[[ DATASET EXTRACT open ]]

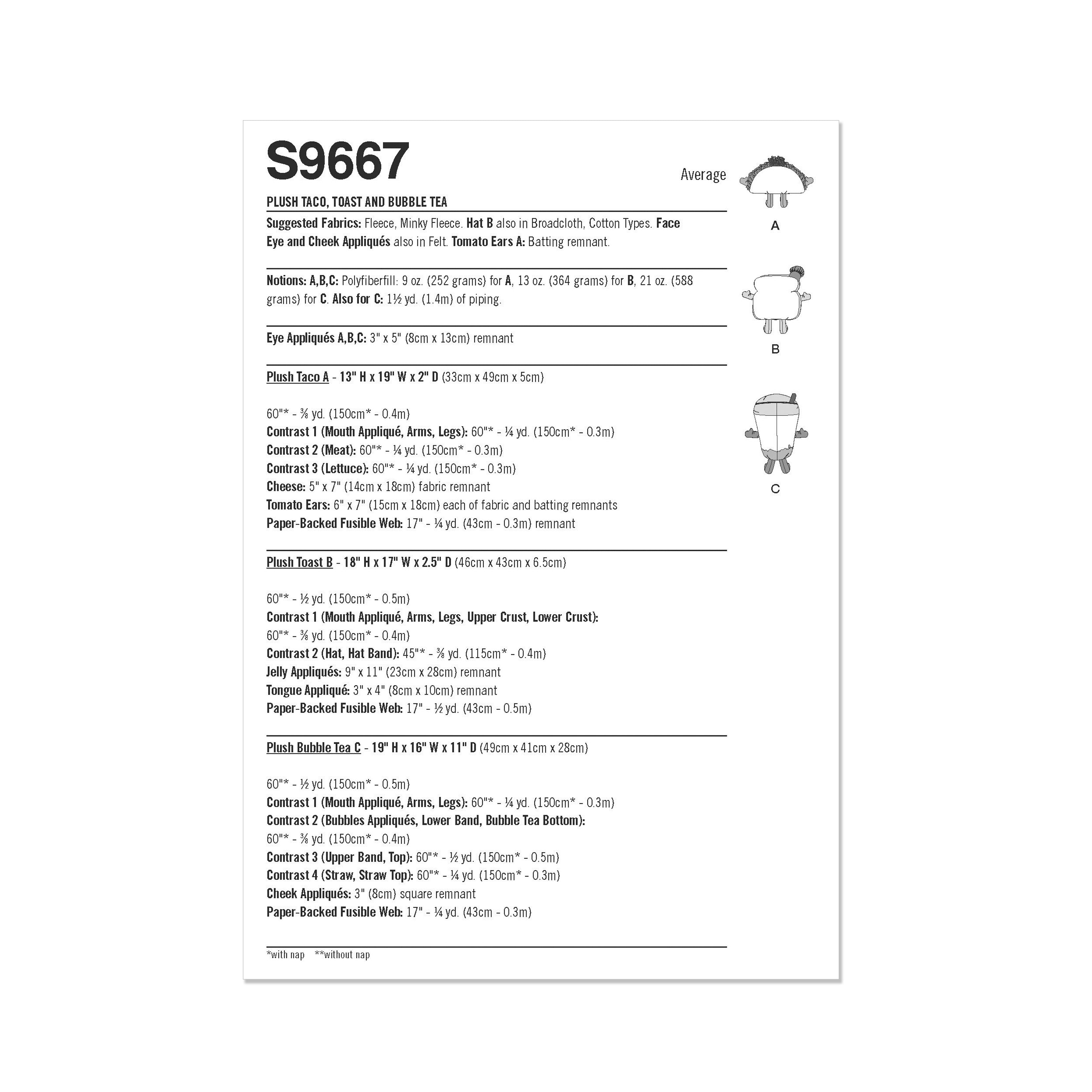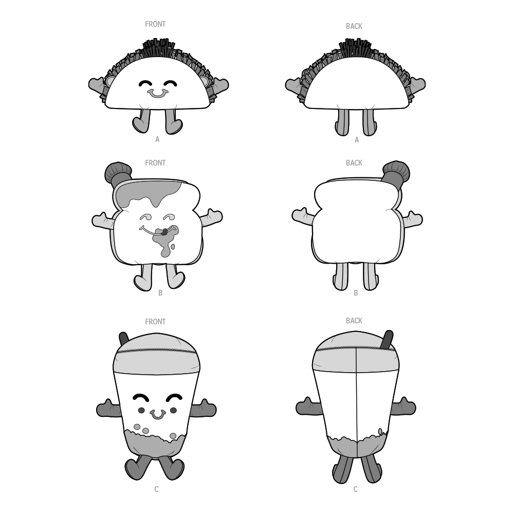 Simplicity Sewing Pattern S9667 - Plush Taco, Toast and Bubble Tea by Carla Reiss
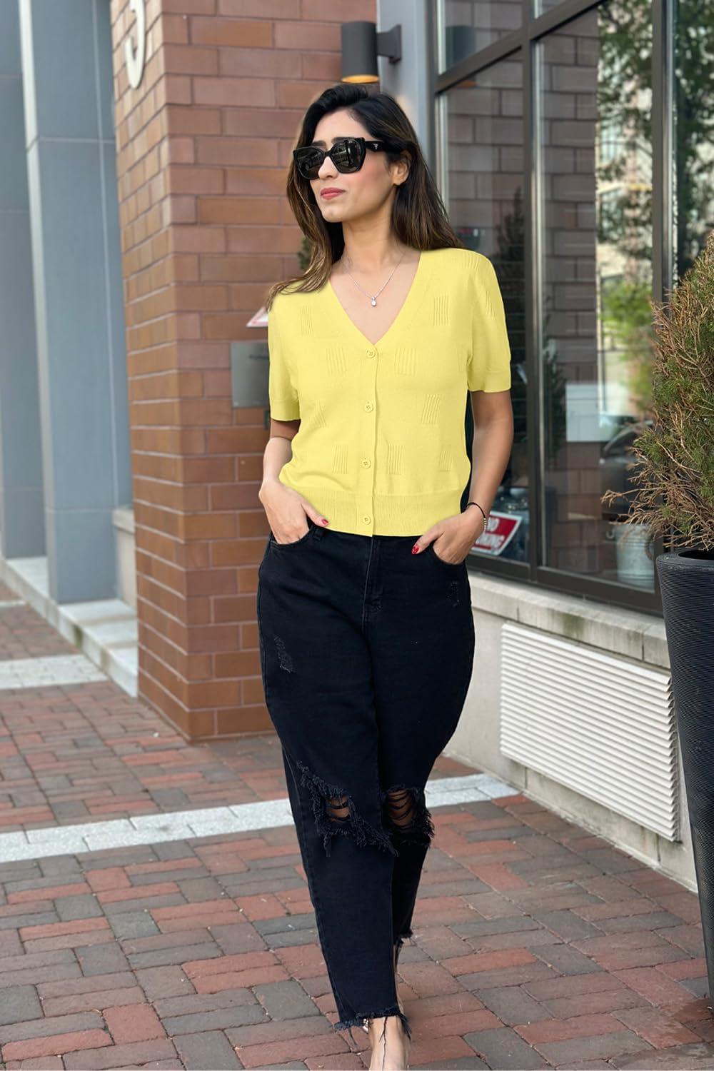 Arach&Cloz Women’s Lightweight Summer Business Casual Cropped Short Sleeve Cardigan(Yellow)
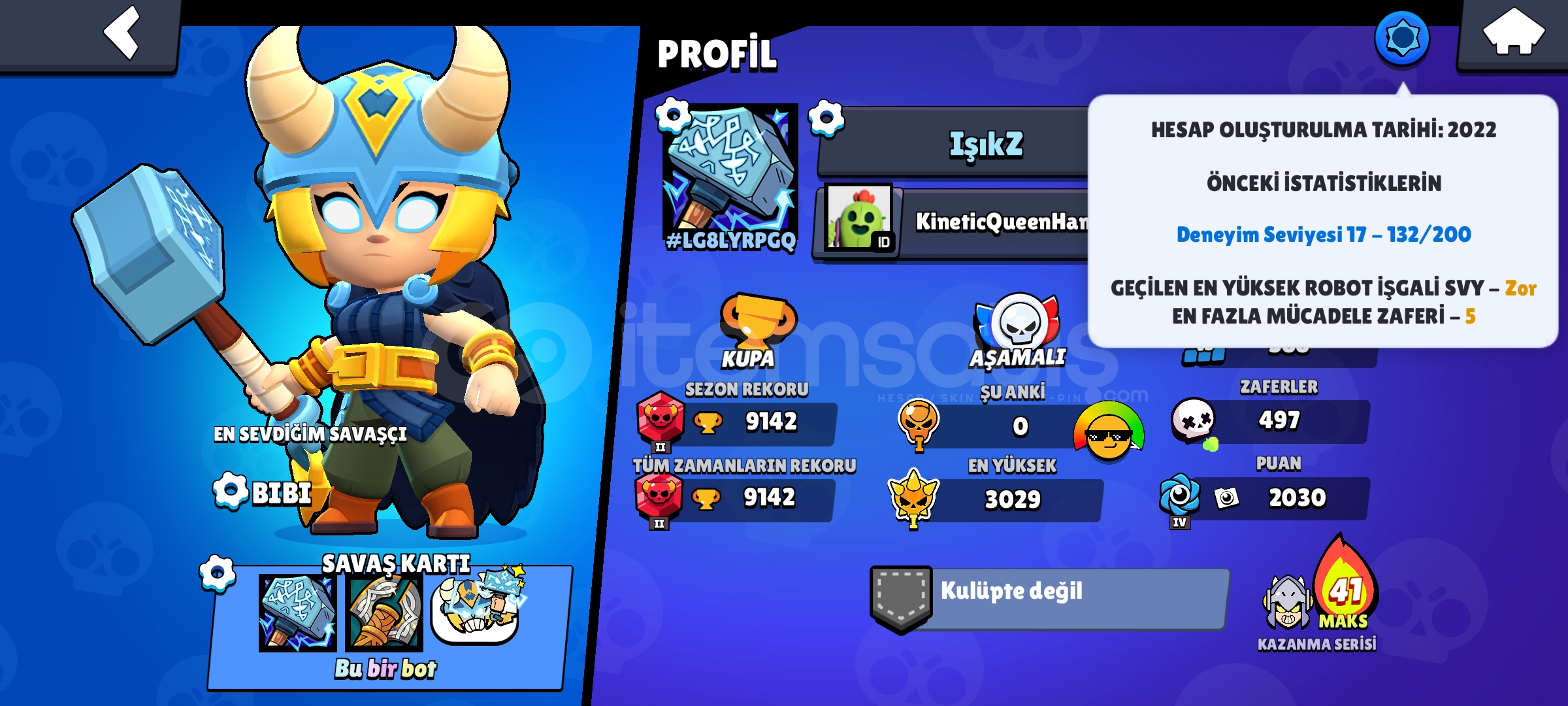 Hesabımızın Kupasının Düşük Olduğunun Farkındayız Lakin Bilerek Yapılmıştır Alan Şanslı Kişi Girip Kasabilir Hesapta 10 Efsanevi Kostüm Vardır 21 Adet Destansı Kostümün Yanında 40+Daha Kostum Mevcuttur Toplam Kostüm Sayısı 60+'Dır 2 -3 Kez Brawl Paşa Açılmıştır Brawl Pass'ın Yanı Sıra 3+ Gizemli Kostümde Me...

[[ DATASET EXTRACT closed ]]

> _ASSIGNMENT_: Exactly as written, reproduce the lines from the beginning of the material through the line with "Arach&Cloz Women’s Lightweight", and skip any picture.

> _TASK OUTPUT_:
 Simplicity Sewing Pattern S9667 - Plush Taco, Toast and Bubble Tea by Carla Reiss
 Arach&Cloz Women’s Lightweight Summer Business Casual Cropped Short Sleeve Cardigan(Yellow)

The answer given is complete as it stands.